And let’s not forget the brain. Since the 1970s neuroscientists have known that humans fabricate memory, or to put it another way, we deepen the meaning and significance of a memory every time we recall it. Memories are not stable. They do not mean one thing over time. The meaning gets greater and more nuanced every time we recall it. In fact, the memory of making sandwiches with Ariana might have taken on new meaning the more I recalled it as an adult. Maybe as I watched her put three slices of bologna on the bread, I didn’t think anything other than, Wow.
Maybe wondering about how white people make sandwiches didn’t come until years later, when I was recalling it. Now, it sparks the New York-Katz-deli neuron, the first time I went there. I was in my thirties, hanging out with a bunch of writers after a poetry reading in the Bowery, all of us people of color, and many of us a bit buzzed. I ordered a bologna sandwich. It wasn’t three slices of bologna. It was a tower of bologna, enough to make multiple sandwiches. Maybe in my tipsy head, I might’ve said, Do all white people use this much meat on their sandwiches? I remembered Ariana. Eventually, the memories became fused.

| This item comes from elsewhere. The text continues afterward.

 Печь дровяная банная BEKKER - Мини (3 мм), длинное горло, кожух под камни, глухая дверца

Elizabeth Loftus, a pioneer in memory research, says we “take bits and pieces of experience from different times and places and combine them together to construct what feels to us like a memory.”

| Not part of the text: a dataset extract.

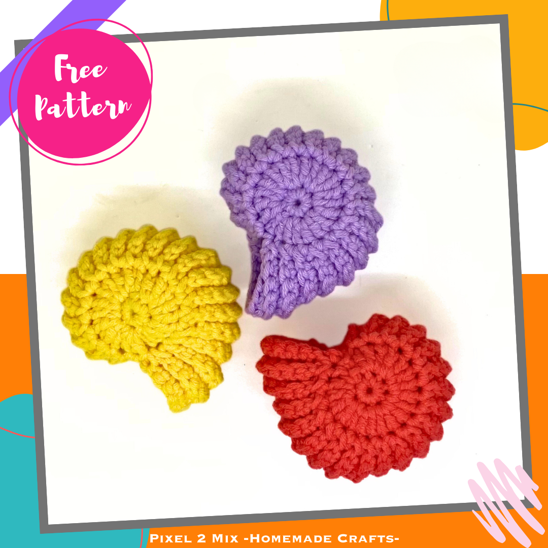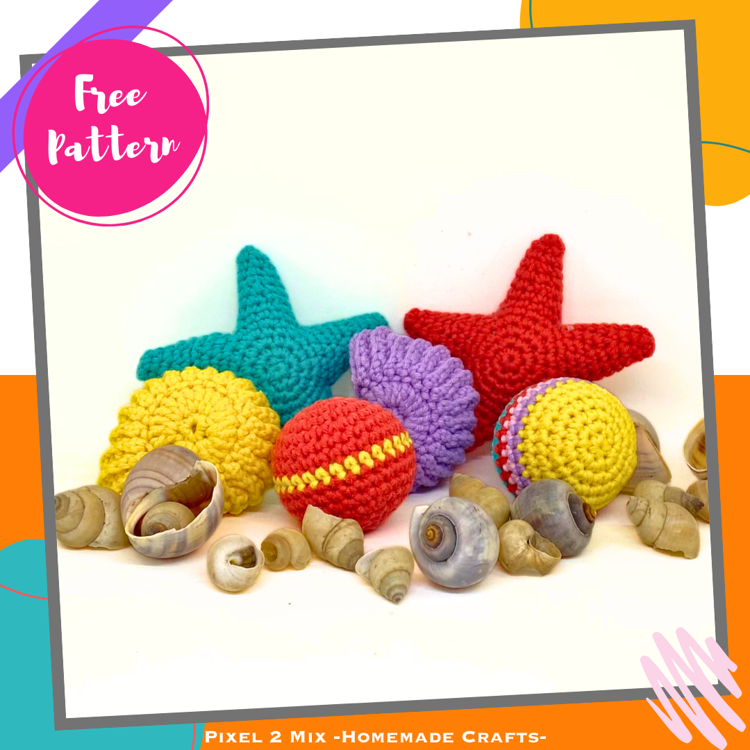 Crochet your own Tropical Sea Accessories with this free PDF crochet pattern from Pixel 2 Mix –Homemade Crafts–! Available in Dutch and English. With this free crochet pattern, you can crochet a starfish, ammonite shell, or beach ball. Fun to cuddle with, play with, or use as cheerful home decor.

When we are exposed to new information about a memory and then later we recall the memory we bring that information with us into the memory, and after a while, we can’t distinguish between the information that came later and the memory itself.
On 9/11, many people remember seeing the plane go into the building, even though the videos weren’t available until the next day. But because the images were so impactful and because they were about that memory, when we recall that day, we cannot help but to recall the images. They become fused into one memory.
Loftus’s also showed that scientists can create false memories, vivid memories of what never happened.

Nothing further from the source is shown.